§ Entries supplied
☆ ☆ ☆ ☆

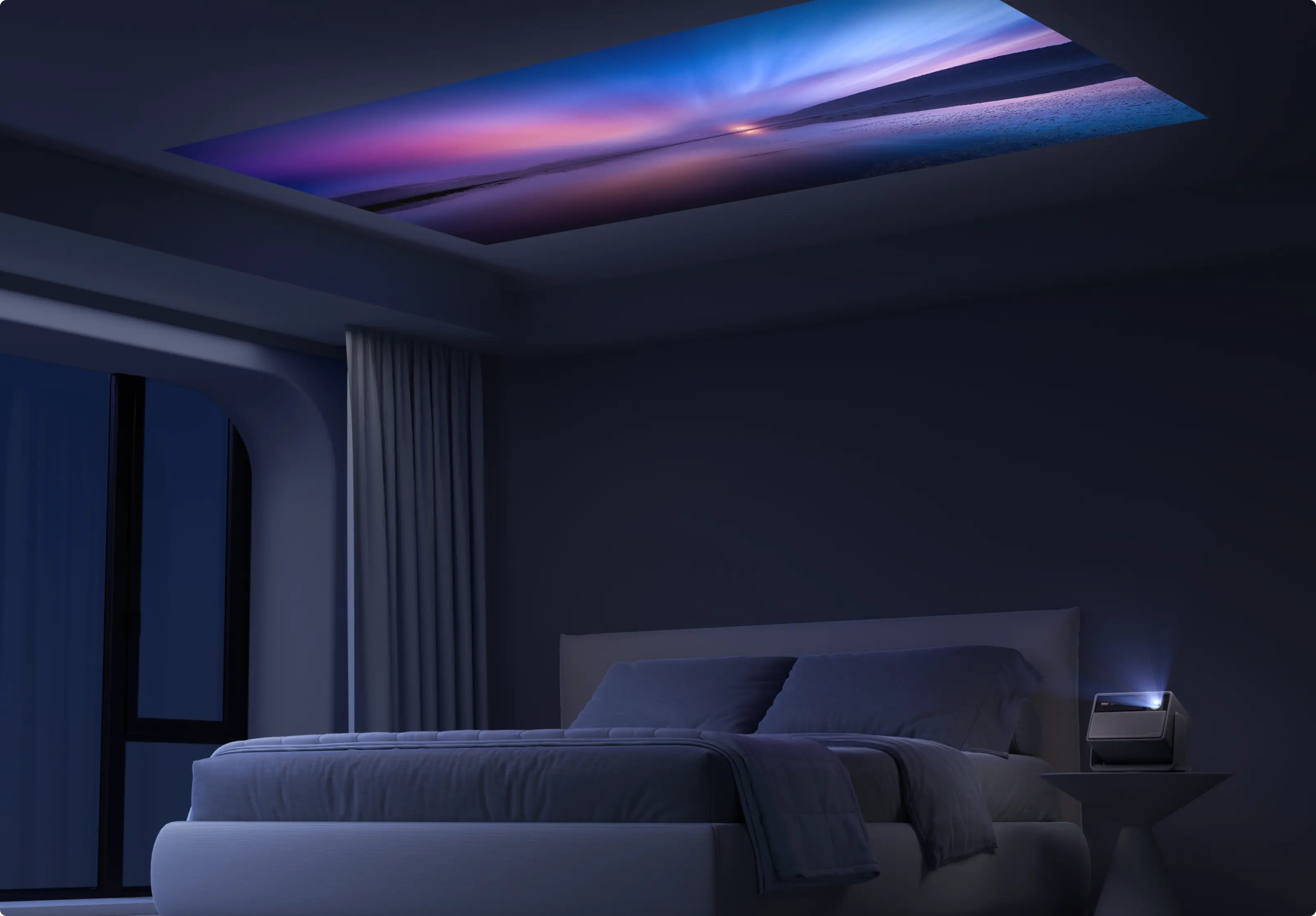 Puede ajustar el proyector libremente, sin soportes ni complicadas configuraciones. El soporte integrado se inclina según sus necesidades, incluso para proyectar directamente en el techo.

☆ ☆ ☆ ☆

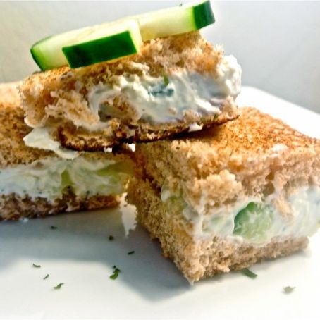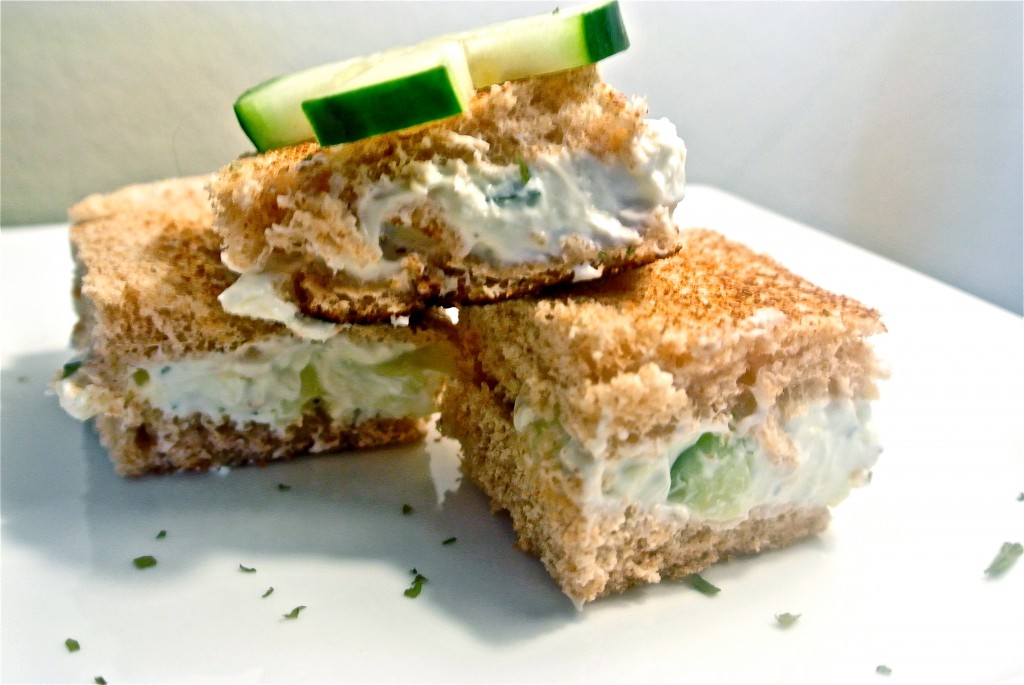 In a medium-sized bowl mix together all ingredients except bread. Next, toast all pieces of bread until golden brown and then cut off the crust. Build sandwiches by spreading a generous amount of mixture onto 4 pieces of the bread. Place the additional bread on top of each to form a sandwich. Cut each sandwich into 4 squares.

☆ ☆ ☆ ☆

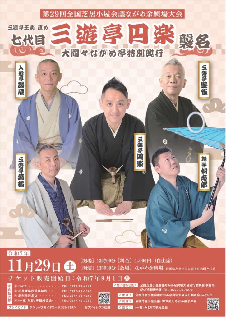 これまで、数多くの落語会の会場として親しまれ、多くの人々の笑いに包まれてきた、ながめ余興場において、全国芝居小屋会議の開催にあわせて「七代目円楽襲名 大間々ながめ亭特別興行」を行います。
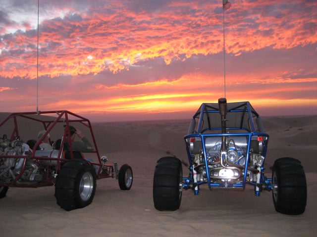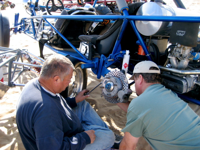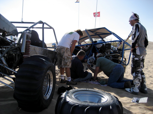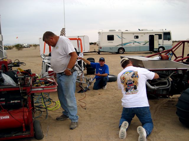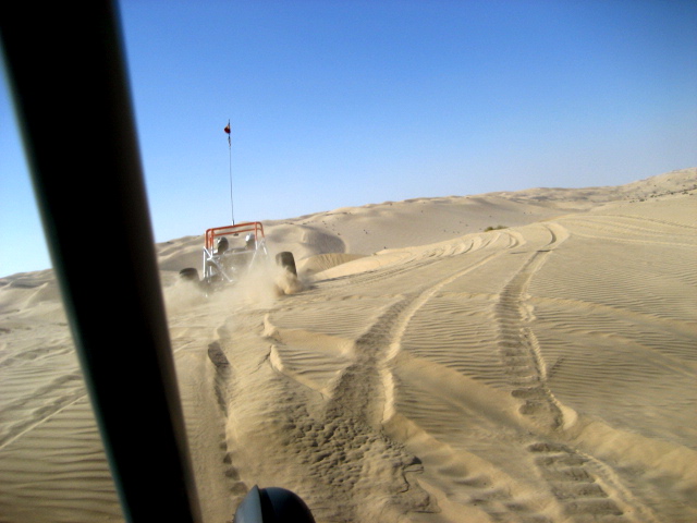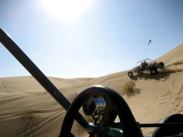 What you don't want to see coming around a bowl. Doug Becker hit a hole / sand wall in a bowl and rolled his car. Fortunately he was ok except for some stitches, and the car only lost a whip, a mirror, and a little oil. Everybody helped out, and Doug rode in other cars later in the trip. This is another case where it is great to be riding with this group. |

☆ ☆ ☆ ☆

§ What is being asked
In the listing above, find the line holding "これまで、数多くの落語会の会" and the line holding "What you don't". Reproduce those two lines and all between them exactly, leaving out pictures.

§ Response to the task
 これまで、数多くの落語会の会場として親しまれ、多くの人々の笑いに包まれてきた、ながめ余興場において、全国芝居小屋会議の開催にあわせて「七代目円楽襲名 大間々ながめ亭特別興行」を行います。
 What you don't want to see coming around a bowl. Doug Becker hit a hole / sand wall in a bowl and rolled his car. Fortunately he was ok except for some stitches, and the car only lost a whip, a mirror, and a little oil. Everybody helped out, and Doug rode in other cars later in the trip. This is another case where it is great to be riding with this group. |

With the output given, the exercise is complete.